NFL

Jets draft UNC pass rusher Coples

HUGGING IT OUT: North Carolina defense end Quinton Coples, drafted No. 16 by the Jets, hugs commissioner Roger Goodell after being picked last night.

When North Carolina defensive end Quinton Coples visited the Jets a week before the NFL Draft, coach Rex Ryan made him a promise.

“I knew Coach Rex Ryan promised me if it got to that pick and I was still there, he was definitely going to take me,” Coples said last night. “I’m just thankful that he was a man of his word.”

Ryan indeed lived up to his word when the Jets selected Coples with the 16th pick of the first round last night. The Jets feel they have landed a pass-rushing defensive end with great size and speed to give their defense a boost.

Unlike four years ago when the Jets unsuccessfully converted Vernon Gholston from defensive end to linebacker, the team will keep Coples as a down lineman. He will play the 5-technique (lining up on the tackle’s shoulder) in Ryan’s defense.

NFL DRAFT: FIRST ROUND

“What he does is put his hand in the dirt and rush the passer and he’s very athletic for a big man,” Ryan said. “This guy’s 6-foot-6, prototypical pass rush size. This guy can run. It’s unusual to get a guy this athletic.”

Coples had 24 sacks as a Tar Heel, playing both defensive end and defensive tackle. He had a monstrous junior season, with 59 tackles and 10 sacks as a tackle. That led to lofty expectations entering last year. His production slipped (55 tackles, 7 1/2 sacks) when he moved back to defensive end, but there were strange circumstances at North Carolina.

An agent scandal led to the firing of head coach Butch Davis just before the season started. The unrest in the program created difficult circumstances for Coples. He also had to adjust to playing on the left side after playing on the right as a junior.

“It’s unbelievable,” Coples said of getting drafted after the drama of the last two years. “The perseverance that it took to make it through the situation that was going on at Carolina and to get rewarded and becoming a Jet is just unbelievable.”

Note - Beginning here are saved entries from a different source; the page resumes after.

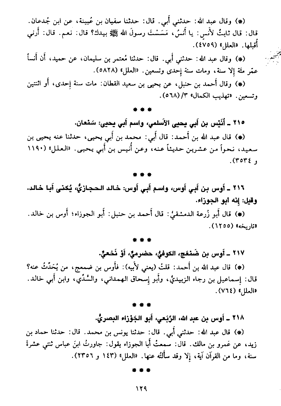 • وقال عبد الله: حدثني أبي. قال: حدثنا سفيان بن عيينة، عن ابن جدعان. قال: قال ثابت لأنس: يا أنس، مسست رسول الله - صلى الله عليه وسلم - بيدك؟ قال: نعم. قال: أرني أُقبلها. «العلل» (4759) .
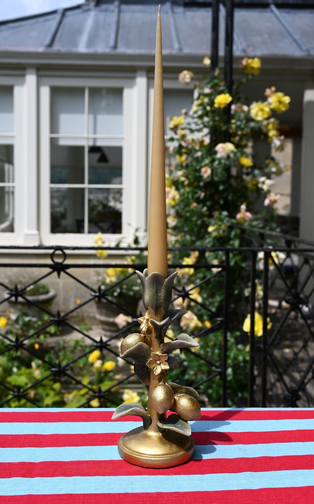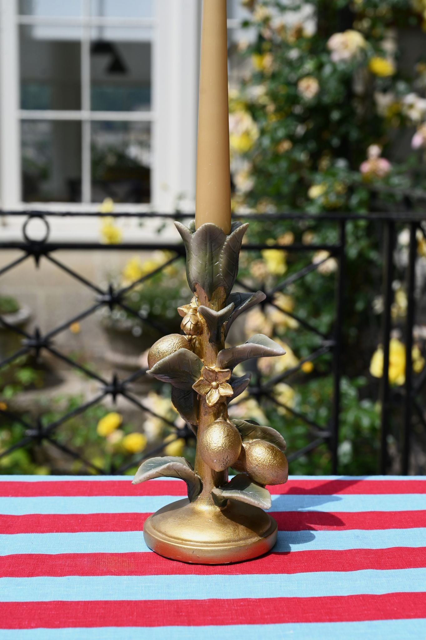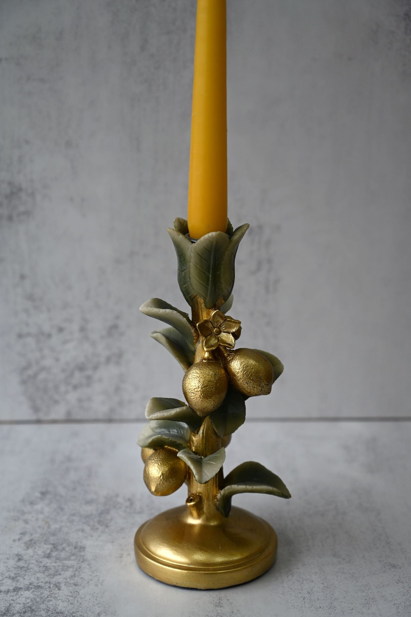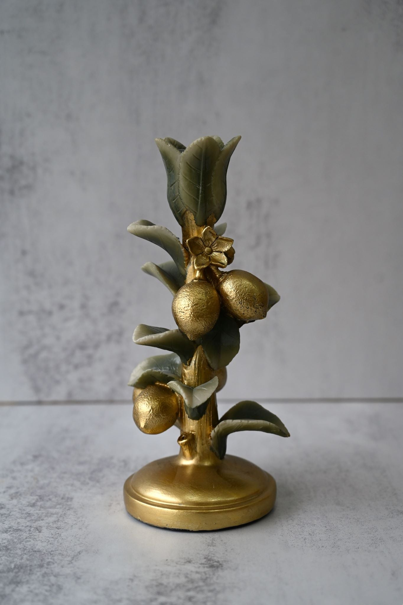Get that opulent Mediterranean look in your home with these golden candlesticks crafted from resin to look like a branch of Persian limes complete with curling leaves, flower blossoms and dimpled limes so realistic you'll feel like you could pick them and mix up a daiquiri or two.
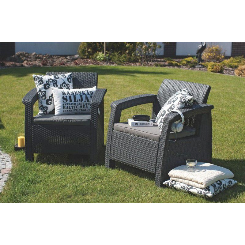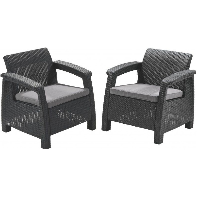 Set Corfu Duo se skládá ze dvou křesílek. Křesílka jsouzumělého plochého ratanu v barvě antracit + šedé podušky. Zahradní nábytek z umělého ratanu je odolný vůči různému počasí.
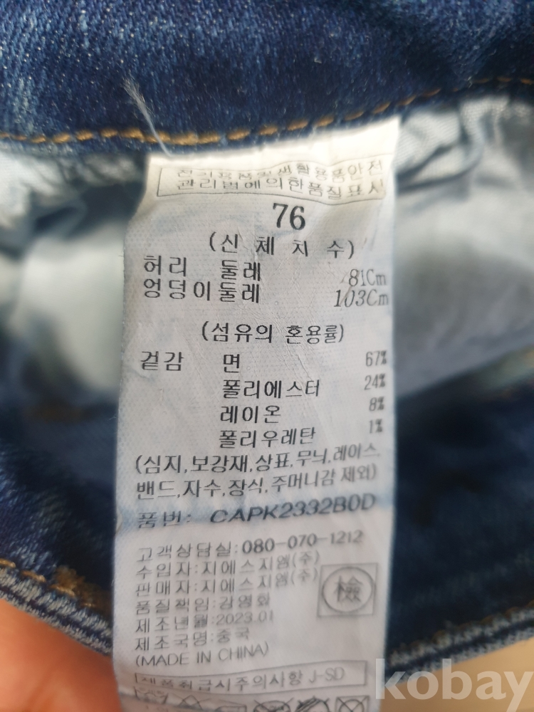 [천원경매] 1-333 와이드핏 청바지(상태 양호하나 미세한 오염있음, 허리단면 39cm, 길이 102cm)
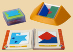 В комплекте: буклет со 100 заданиями; - 18 прозрачных плиток с цветными фигурами, - подставка.
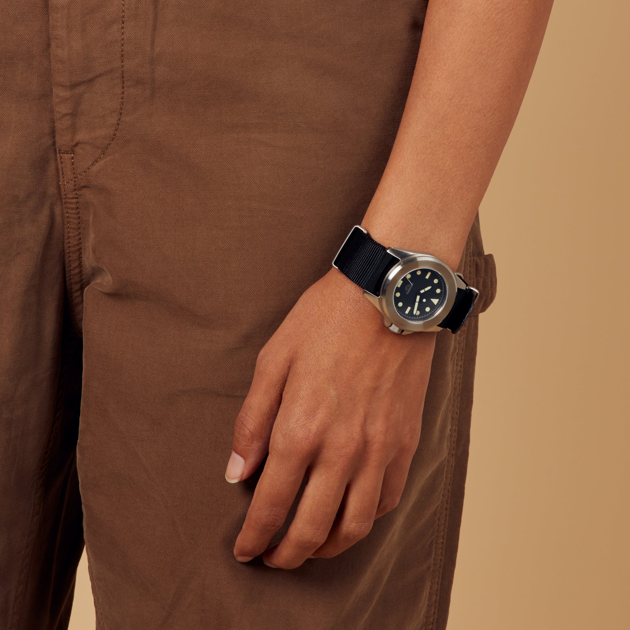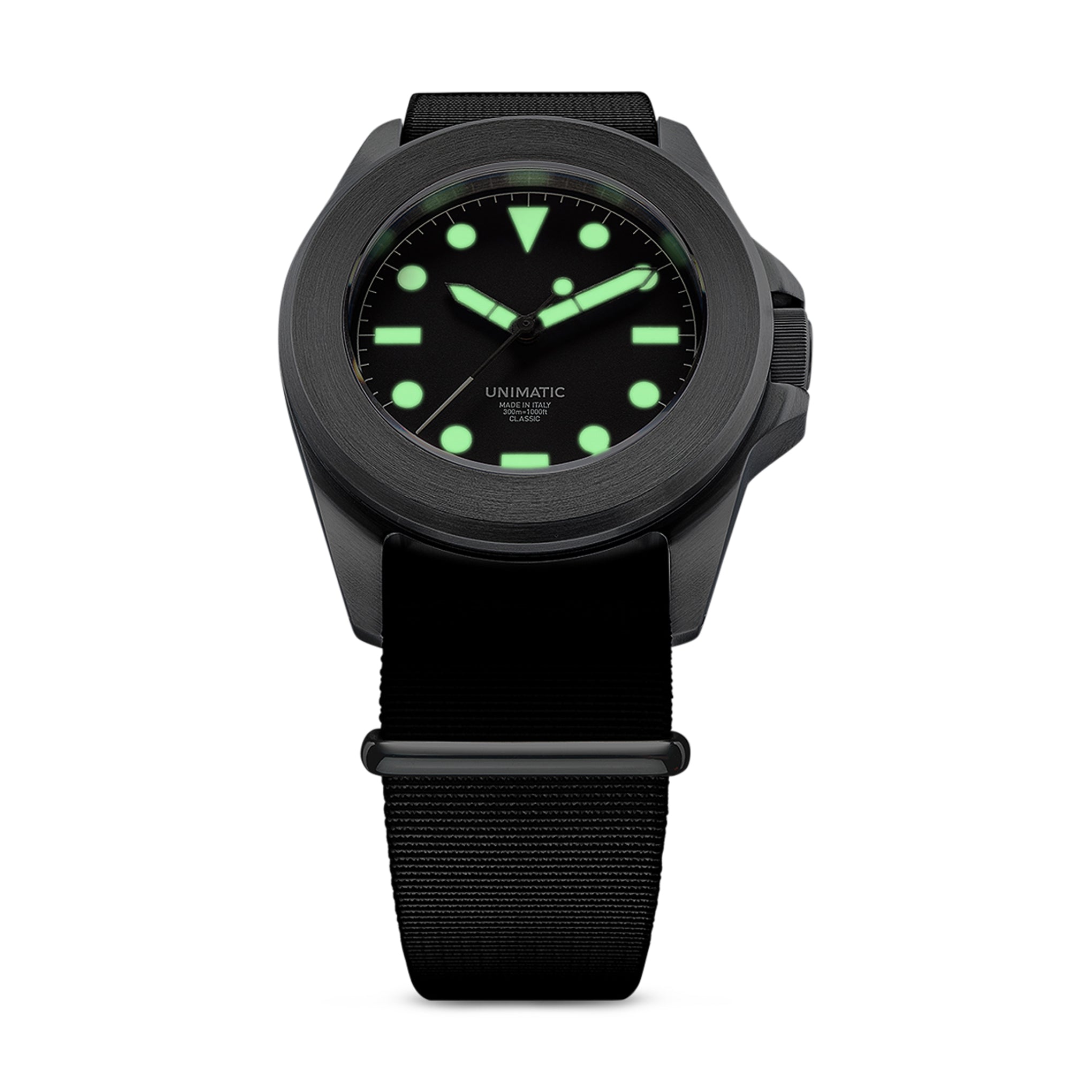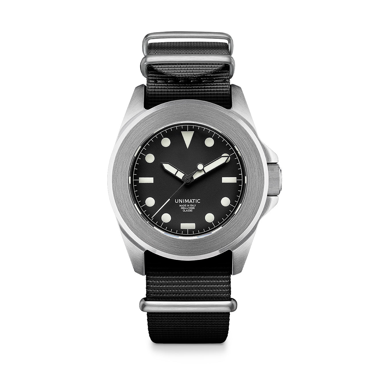 Founded by a pair of industrial designers in 2015. Unimatic produces diver. chronograph and field watches in Italy. This Modello Quattro Diving Watch has a military-inspired design that blends the Modello Uno Watch case into a bolder. tougher aesthetic. thanks to its Unimatic fixed bezel.

The Jets began falling in love with Coples at the Senior Bowl in January where he had a monster week. Ryan traveled to his pro day in Chapel Hill, N.C., and put Coples through linebacker drills, something Coples was unprepared for. Ryan also lined up against Coples as a blocker at one point.

“I definitely could tell that he had some kind of feeling about me and what he could do with me,” Coples said.

Coples was the second pass rusher selected in the draft. The Jets chose to take Coples over South Carolina’s Melvin Ingram, Syracuse’s Chandler Jones and Illinois’ Whitney Mercilus. All of those players would have been projections to outside linebacker similar to Gholston.

It is the second straight year the Jets used their first-round pick on a defensive end. They selected Muhammad Wilkerson last season and he was an immediate starter. Wilkerson actually played a role in the selection of Coples, as the two were teammates at Hargrave Military Academy in Virginia.

Jets general manager Mike Tannenbaum asked Wilkerson about Coples.

“He’s a great teammate and he’s a better player than me,” Wilkerson said according to Tannenbaum.

Several mock drafts had Coples going in the top 10 of the draft. The Jets said he was the highest-rated player left on their board when their pick came up.

“We felt really good about the value of getting Quinton,” Tannenbaum said.

Tannenbaum said the Jets fielded some calls and made some calls about trading their pick during a first round filled with movement. Ultimately, though, Tannenbaum decided to stand pat and select Coples.